[Data entries]
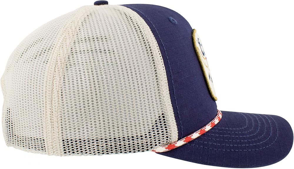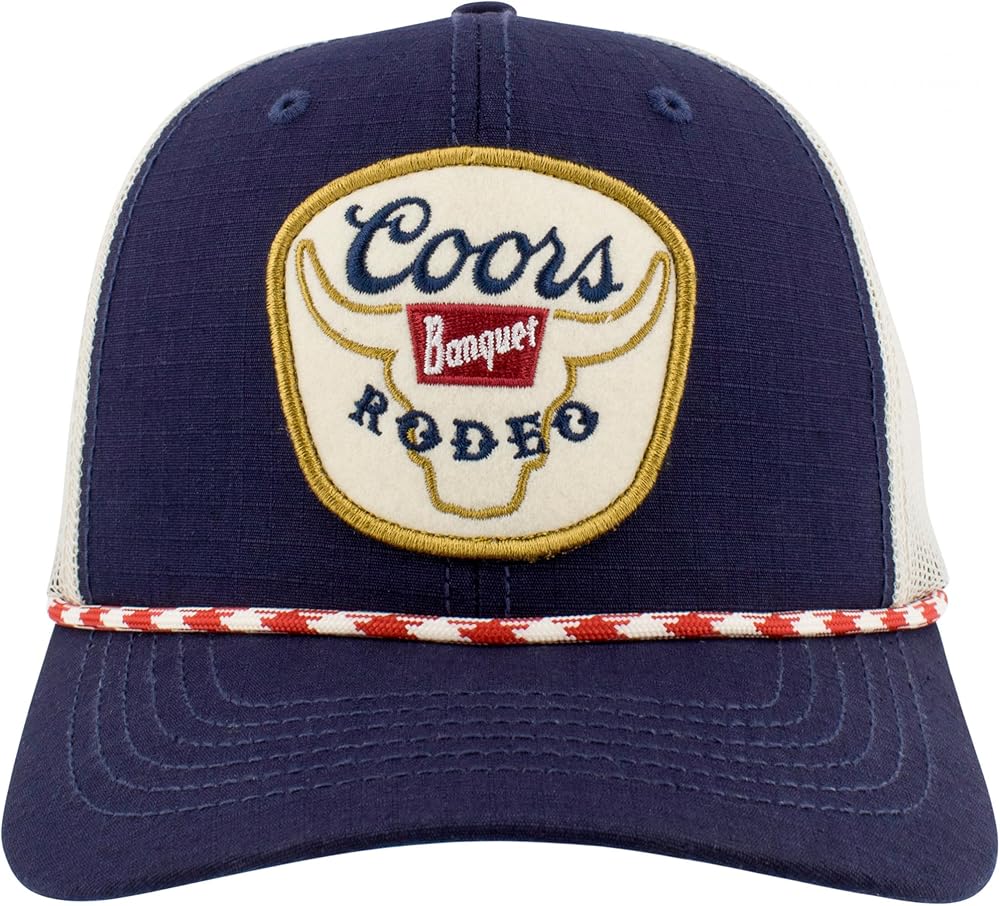Officially licensed Coors Banquet Rodeo Felt Patch Logo Rope Hat. This blue and white "Coors Banquet" Rope Hat is made from cotton and features a classic "Coors Banquet Rodeo" felt logo patch on the front with a rounded bill, corded rope, and adjustable snapback.
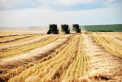 图为黑龙江垦区大西江农场职工驾驶收割机在收获小麦(2014年8月4日摄)。新华社发
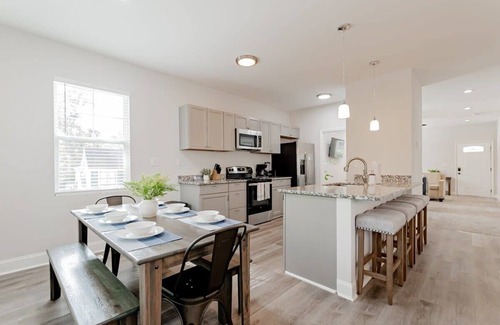 This brand new home is located in the historic neighborhood, Elmwood Park. It offers a modern stay in a charming district. Stacked front porches, ample living space, fully-equipped kitchen, 4 bedrooms, 3 bathrooms, space to sleep 16 guests - what could be better? Enjoy an easy walk to local shops and restaurant, Main Street is only 2 blocks away! Less than 2 miles from downtown and USC, about 20 minutes from Fort Jackson. Free WiFi and pet friendly with a fee. We would love to host you!
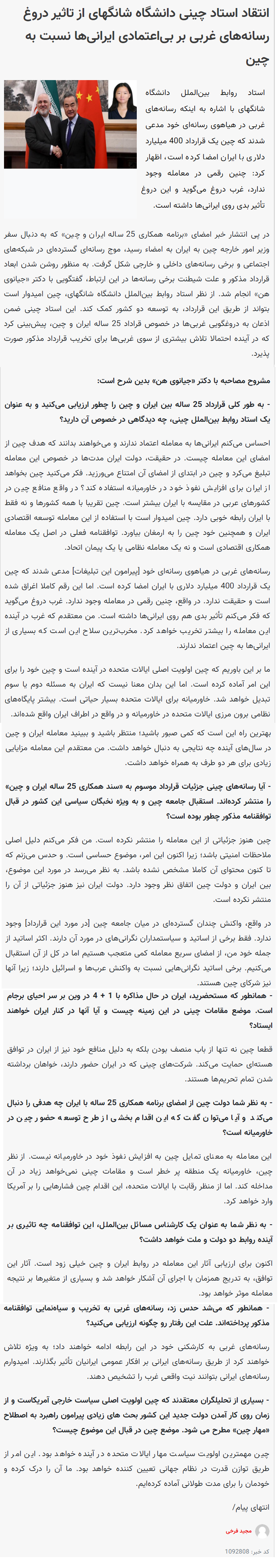 2021年4月14日,上外中东研究所韩建伟副教授就中伊关系接受伊朗ISCA通讯社专访,全文如下:
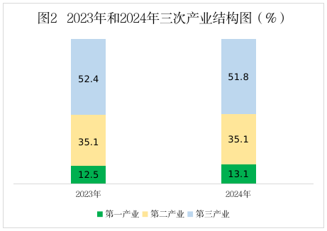 根據(jù)廣東省地區(qū)生產(chǎn)總值統(tǒng)一核算結(jié)果,2024年河源實(shí)現(xiàn)地區(qū)生產(chǎn)總值(初步核算數(shù))1407.72億元,比上年增長2.2%。其中,第一產(chǎn)業(yè)增加值184.44億元,增長5.0%,對地區(qū)生產(chǎn)總值增長的貢獻(xiàn)率為28.9%,拉動(dòng)地區(qū)生產(chǎn)總值增長0.6個(gè)百分點(diǎn);第二產(chǎn)業(yè)增加值493.78億元,增長3.0%,對地區(qū)生產(chǎn)總值增長的貢獻(xiàn)率為48.2%,拉動(dòng)地區(qū)生產(chǎn)總值增長1.1個(gè)百分點(diǎn);第三產(chǎn)業(yè)增加值729.50億元,增長0.9%,對地區(qū)生產(chǎn)總值增長的貢獻(xiàn)率為22.9%,拉動(dòng)地區(qū)生產(chǎn)總值增長0.5個(gè)百分點(diǎn)。三次產(chǎn)業(yè)結(jié)構(gòu)由上年的12.5:35.1:52.4調(diào)整為13.1:35.1:51.8,第一產(chǎn)業(yè)比重比上年提高了0.6個(gè)百分點(diǎn),第二產(chǎn)業(yè)比重與上年持平,第三產(chǎn)業(yè)比重比上年回落了0.6個(gè)百分點(diǎn)。人均地區(qū)生產(chǎn)總值49609元,增長2.2%。
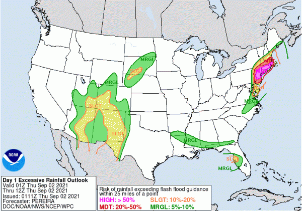 Vor allem für den Süden New Yorks und den Süden Neuenglands besteht auch weiterhin ein erhöhtes Überflutungsrisiko, wie auch aktuelle Karten der US-amerikanischen Wetterbehörde NOAA zeigen.
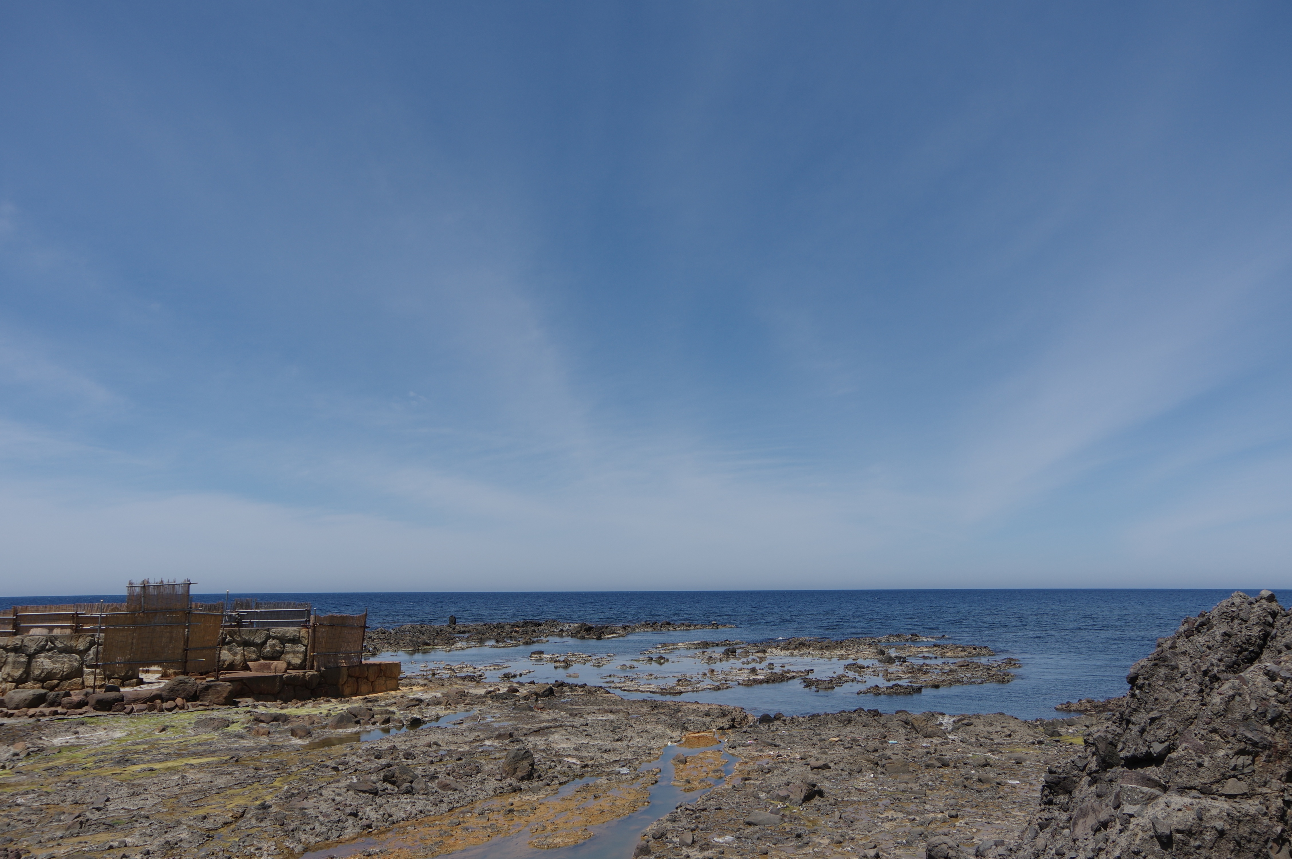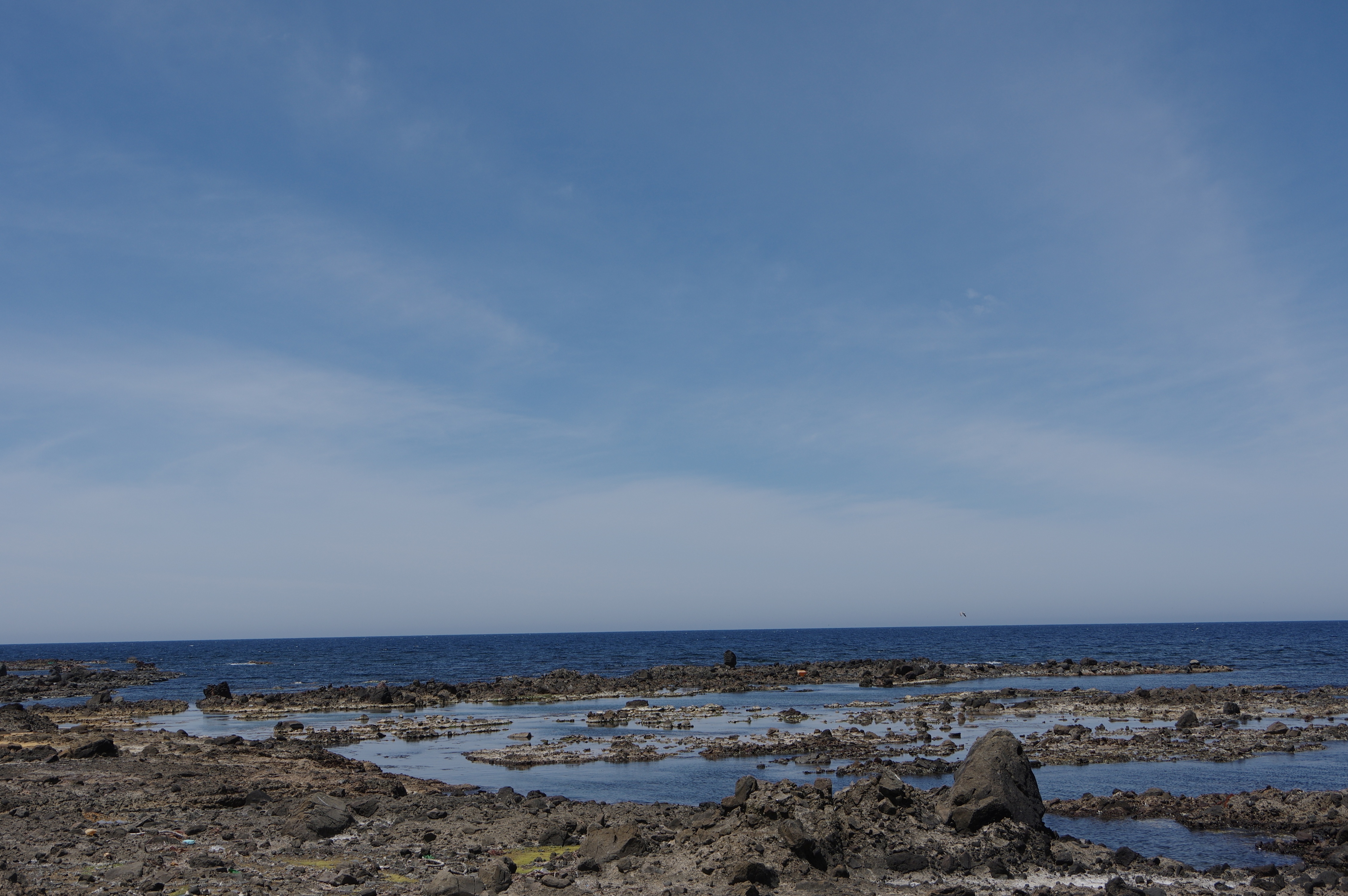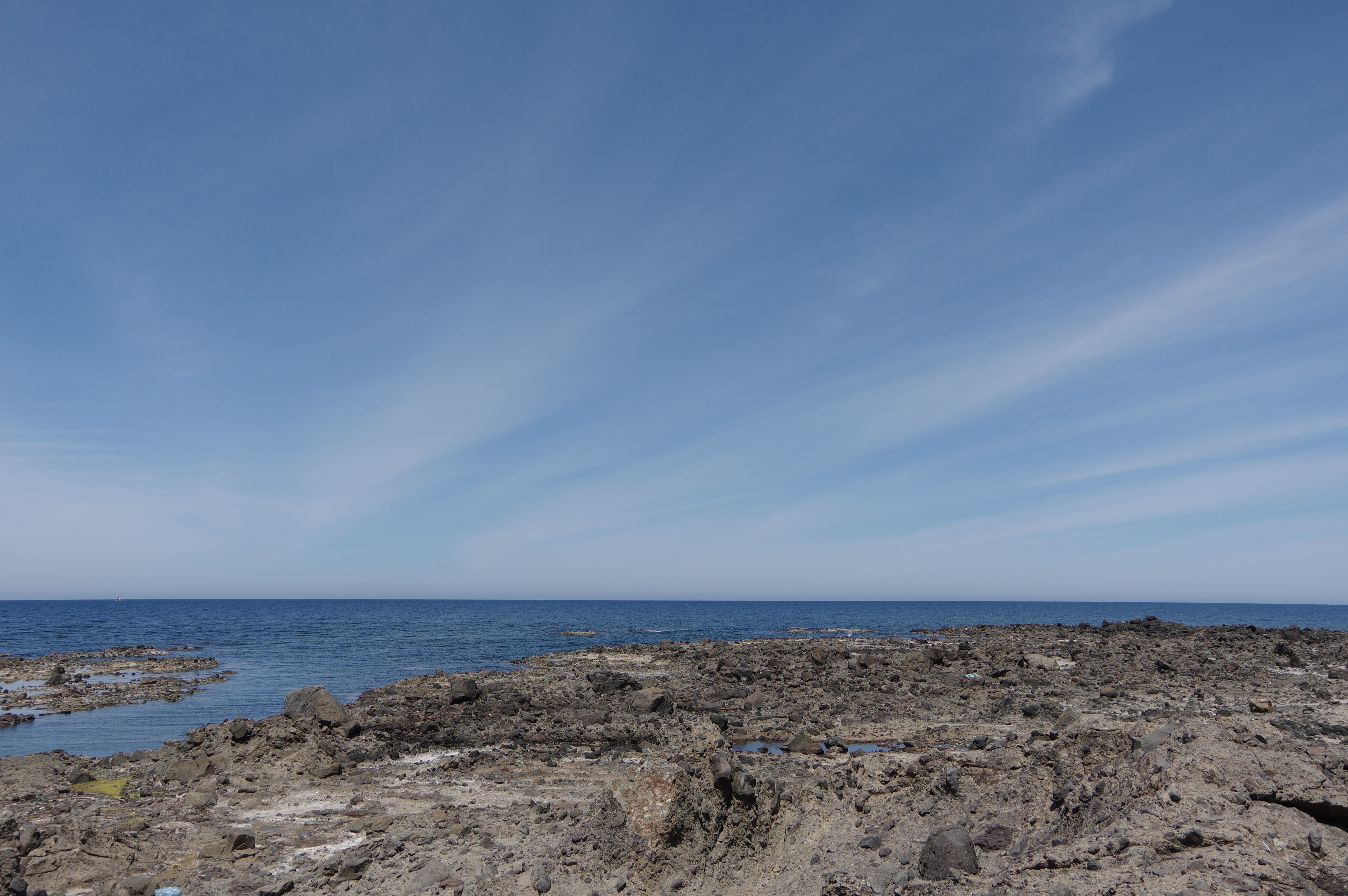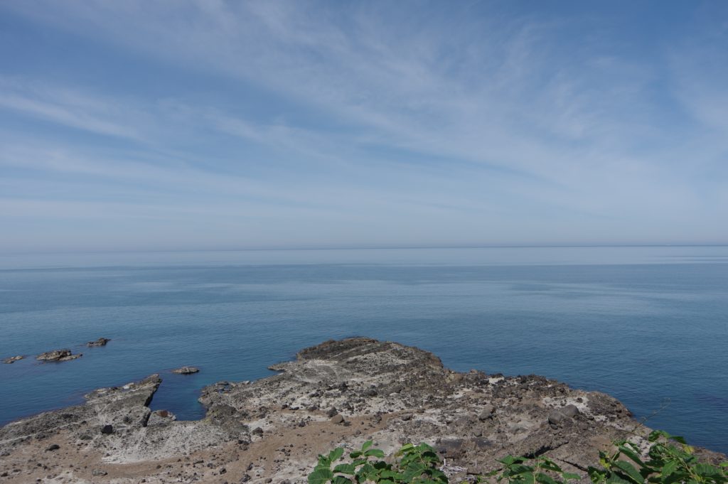 ここは岩のところが船の先端みたいになってて、舳先からから海を見てる感じになって素敵やわぁ。どこまでが海でどこからが空なんや〜。すごすぎる。水平線って普段見ることがないので、見えるとめちゃくちゃ気持ちが上がるわ。ず〜っと見てられる。

#### [ACTIVITY]
Output a faithful copy of the data, with each picture left out.

#### [RESPONSE BELOW]
Officially licensed Coors Banquet Rodeo Felt Patch Logo Rope Hat. This blue and white "Coors Banquet" Rope Hat is made from cotton and features a classic "Coors Banquet Rodeo" felt logo patch on the front with a rounded bill, corded rope, and adjustable snapback.
 图为黑龙江垦区大西江农场职工驾驶收割机在收获小麦(2014年8月4日摄)。新华社发
 This brand new home is located in the historic neighborhood, Elmwood Park. It offers a modern stay in a charming district. Stacked front porches, ample living space, fully-equipped kitchen, 4 bedrooms, 3 bathrooms, space to sleep 16 guests - what could be better? Enjoy an easy walk to local shops and restaurant, Main Street is only 2 blocks away! Less than 2 miles from downtown and USC, about 20 minutes from Fort Jackson. Free WiFi and pet friendly with a fee. We would love to host you!
 2021年4月14日,上外中东研究所韩建伟副教授就中伊关系接受伊朗ISCA通讯社专访,全文如下:
 根據(jù)廣東省地區(qū)生產(chǎn)總值統(tǒng)一核算結(jié)果,2024年河源實(shí)現(xiàn)地區(qū)生產(chǎn)總值(初步核算數(shù))1407.72億元,比上年增長2.2%。其中,第一產(chǎn)業(yè)增加值184.44億元,增長5.0%,對地區(qū)生產(chǎn)總值增長的貢獻(xiàn)率為28.9%,拉動(dòng)地區(qū)生產(chǎn)總值增長0.6個(gè)百分點(diǎn);第二產(chǎn)業(yè)增加值493.78億元,增長3.0%,對地區(qū)生產(chǎn)總值增長的貢獻(xiàn)率為48.2%,拉動(dòng)地區(qū)生產(chǎn)總值增長1.1個(gè)百分點(diǎn);第三產(chǎn)業(yè)增加值729.50億元,增長0.9%,對地區(qū)生產(chǎn)總值增長的貢獻(xiàn)率為22.9%,拉動(dòng)地區(qū)生產(chǎn)總值增長0.5個(gè)百分點(diǎn)。三次產(chǎn)業(yè)結(jié)構(gòu)由上年的12.5:35.1:52.4調(diào)整為13.1:35.1:51.8,第一產(chǎn)業(yè)比重比上年提高了0.6個(gè)百分點(diǎn),第二產(chǎn)業(yè)比重與上年持平,第三產(chǎn)業(yè)比重比上年回落了0.6個(gè)百分點(diǎn)。人均地區(qū)生產(chǎn)總值49609元,增長2.2%。
 Vor allem für den Süden New Yorks und den Süden Neuenglands besteht auch weiterhin ein erhöhtes Überflutungsrisiko, wie auch aktuelle Karten der US-amerikanischen Wetterbehörde NOAA zeigen.
 ここは岩のところが船の先端みたいになってて、舳先からから海を見てる感じになって素敵やわぁ。どこまでが海でどこからが空なんや〜。すごすぎる。水平線って普段見ることがないので、見えるとめちゃくちゃ気持ちが上がるわ。ず〜っと見てられる。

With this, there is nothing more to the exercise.